I tried to see but couldn't find the solution 

Sent from my iPhone using ExpatForum


----------



## Guest (Mar 1, 2011)

PankajNamdeo said:


> Hi all,
> How can I change my username/login name in this forum?
> I tried to see but couldn't find the solution
> 
> Sent from my iPhone using ExpatForum


I think we can neither change the user name NOR delete a previous user name. Although I don't think any forum allows changing the user name, I do think there should be a possibility to delete a user name.


----------



## aussieland (Oct 14, 2008)

ausimmi said:


> I think we can neither change the user name NOR delete a previous user name.
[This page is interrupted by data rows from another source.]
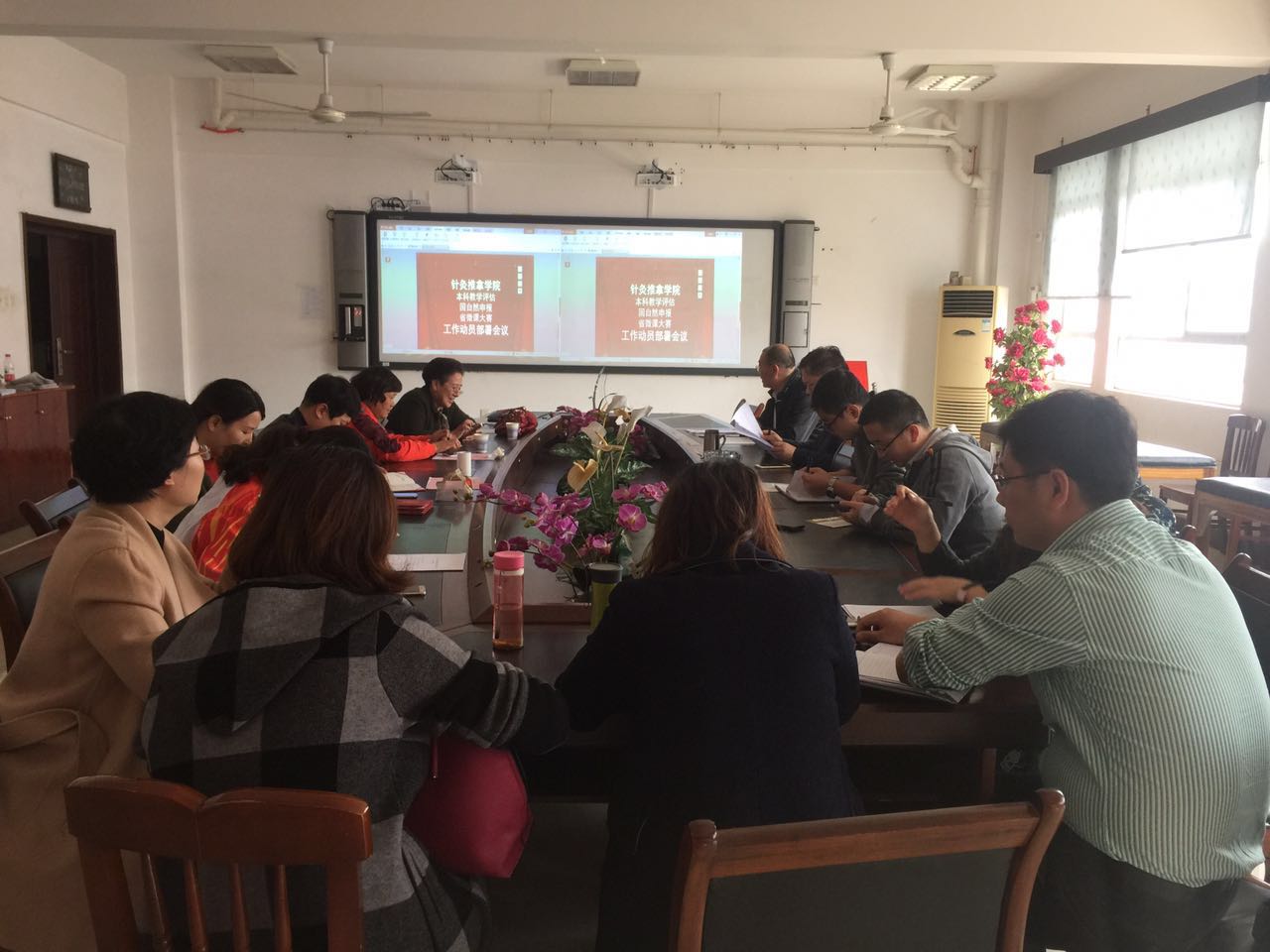 12:00-14:00,针灸推拿学院在学院会议室召开了“本科教学审核评估”、“2017年国自然申报”和“湖南省微课大赛”等“三大”教学和科研工作动员部署会议。会议由学院副院长顾星主持,博士生导师、各学科带头人、各教研室主任、副主任、秘书、院办公室和科教科工作人员参加。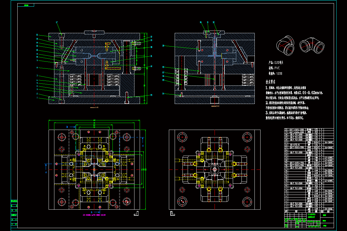 关键词:机械设计;模具设计;CAD绘制二维图;PROE绘制3D图。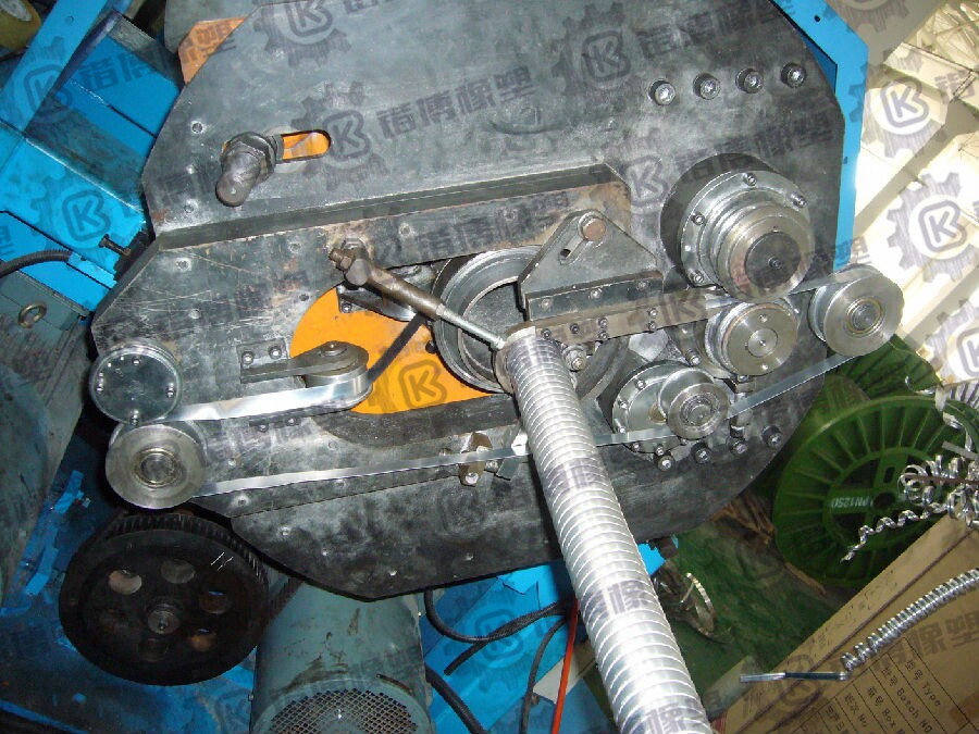 4.2.5?主機的中心裝有兩根不銹鋼中心管一根與主軸連接在一起,起到輸送鋁帶作用。另一根內(nèi)中心管固定不轉(zhuǎn),為避免電纜線在鎧裝過程中擦傷,設(shè)備在進線端裝有聚四氟材料的定位模塊,用于保護和固定電纜線。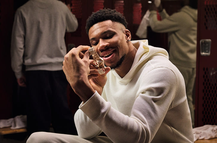 这款独特的球星专属收藏採用玫瑰金制成,绿色面盘上有着对比鲜明的白色计时盘,其上搭配金色阿拉伯文数字时标、白色刻度环等,透过这些精心安排的色彩向他以及他效力的球队致敬,同时也为了纪念他从希腊无国籍青年一跃成为 NBA篮球偶像的励志故事,他的成长历程曾在2022年成为电影《崛起(Rise)》的灵感,另外2024年也会有相同主题的纪录片《传奇之旅(The Marvelous Journey)》登场。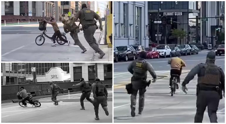 Hombre que iba en una bici se acercó a un grupo de agentes del Servicio de Inmigración y Control de Aduanas (ICE, en inglés) para supuestamente insultarlos y luego huir vertiginosamente en las calles de Chicago, Illinois.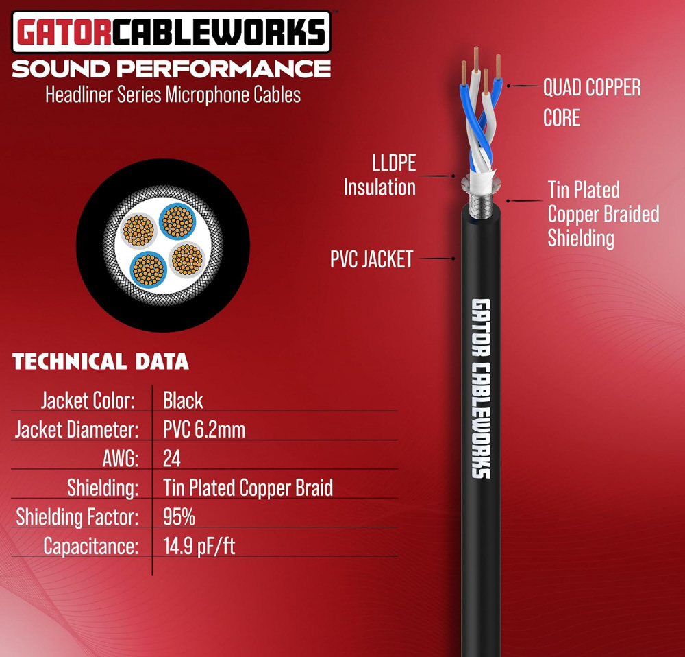 Cableworks by Gator Cases ケーブルワークス マイクケーブル Headliner Series (30ft XLR/XLR) GCWH-XLR-30

Although I don't think any forum allows changing the user name, I do think there should be a possibility to delete a user name.
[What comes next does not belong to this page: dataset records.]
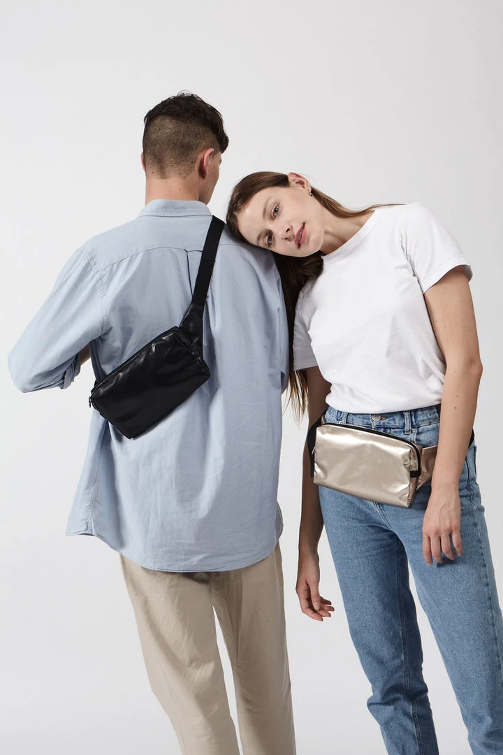 Cute enough to wear across the front of the chest or on the back if your waist or fanny aren’t your favorite areas to accent. The black buckle strap is an easy quick release but also incredibly sturdy and secure and can be adjusted to go very long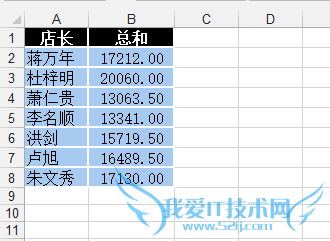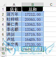 在原有数据的最下面,输入一个辅助行。第一个单元格输入 合计 ,第二个单元格输入公式=sum(b2:b8) ,以对以上的数据进行求和: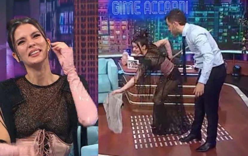 Gimena Accardi visitó el programa de Fer Dente Noche Al Dente (América) y en medio de una entrevista muy compinche y reveladora, vivió un inesperado accidente y terminó limpiando el piso del estudio en un suceso que fue algo confuso.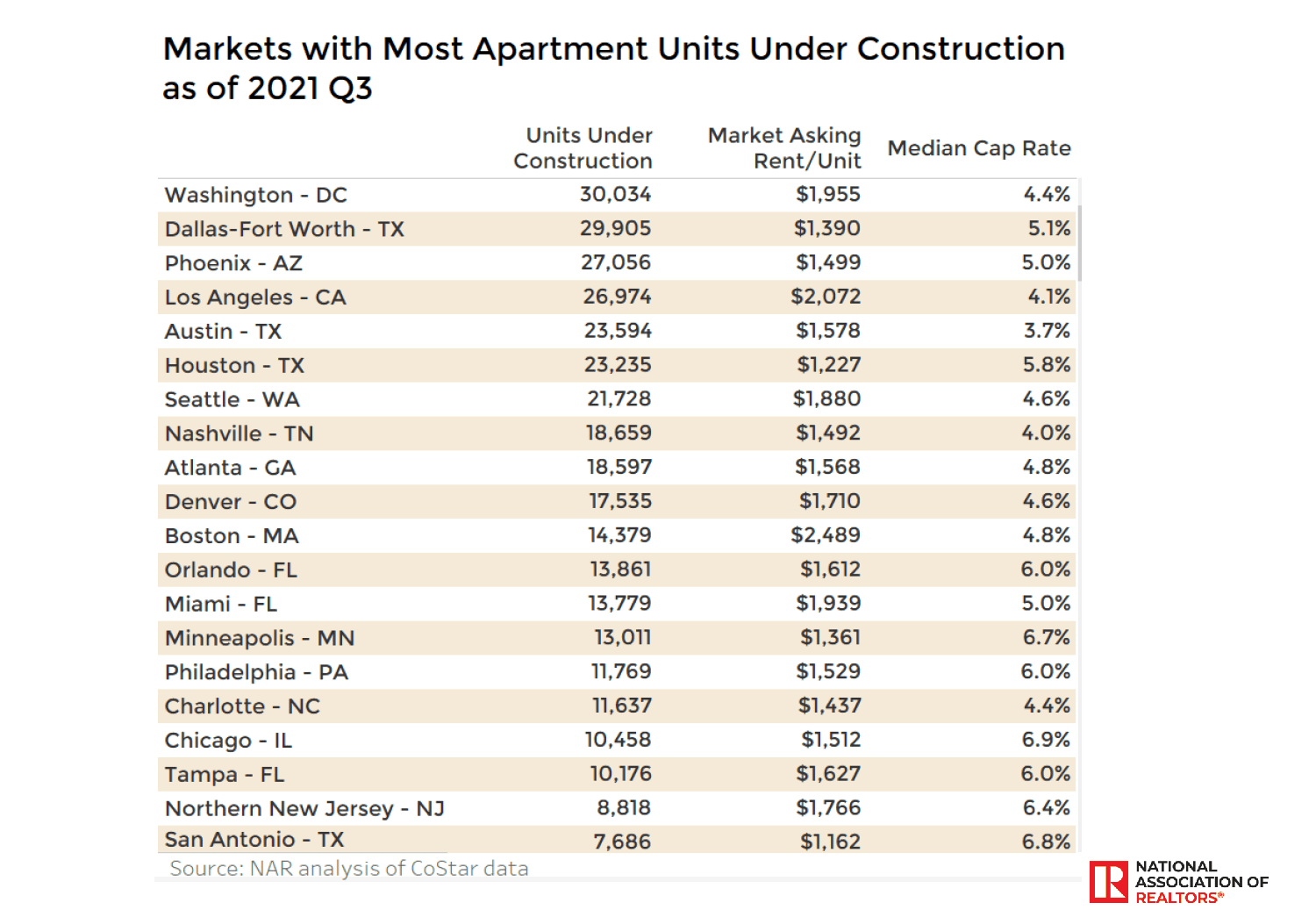 Occupancy is rising across primary and secondary/tertiary markets, with the largest increase in occupancy in Dallas-Fort Worth, New York, Houston, Los Angeles, Washington, DC, Chicago, and Austin each a net absorption of over 25,000 apartment units in the past 12 months as of December 18, 2021. Most metro areas experiencing the highest net absorption are in the Sunbelt states.

Sent from my iPhone using ExpatForum


----------



## xabiaxica (Jun 23, 2009)

PankajNamdeo said:


> Sent from my iPhone using ExpatForum


contact admin by following the CONTACT link at the top & request a username change


----------



## Guest (Mar 1, 2011)

xabiachica said:


> contact admin by following the CONTACT link at the top & request a username change


And what about deleting a username??? And btw, it seems strange saying this to a moderator of all people, but welcome to the forum  I haven't seen YOU around previously.


----------



## kaz101 (Nov 29, 2007)

ausimmi said:


> And what about deleting a username???


Do the same thing - use the Contact Link. 

regards,
Karen


----------



## xabiaxica (Jun 23, 2009)

ausimmi said:


> And what about deleting a username??? And btw, it seems strange saying this to a moderator of all people, but welcome to the forum  I haven't seen YOU around previously.


thanks lol!!

I usually hang out in Spain, where I live

as Kaz said - do the same thing


----------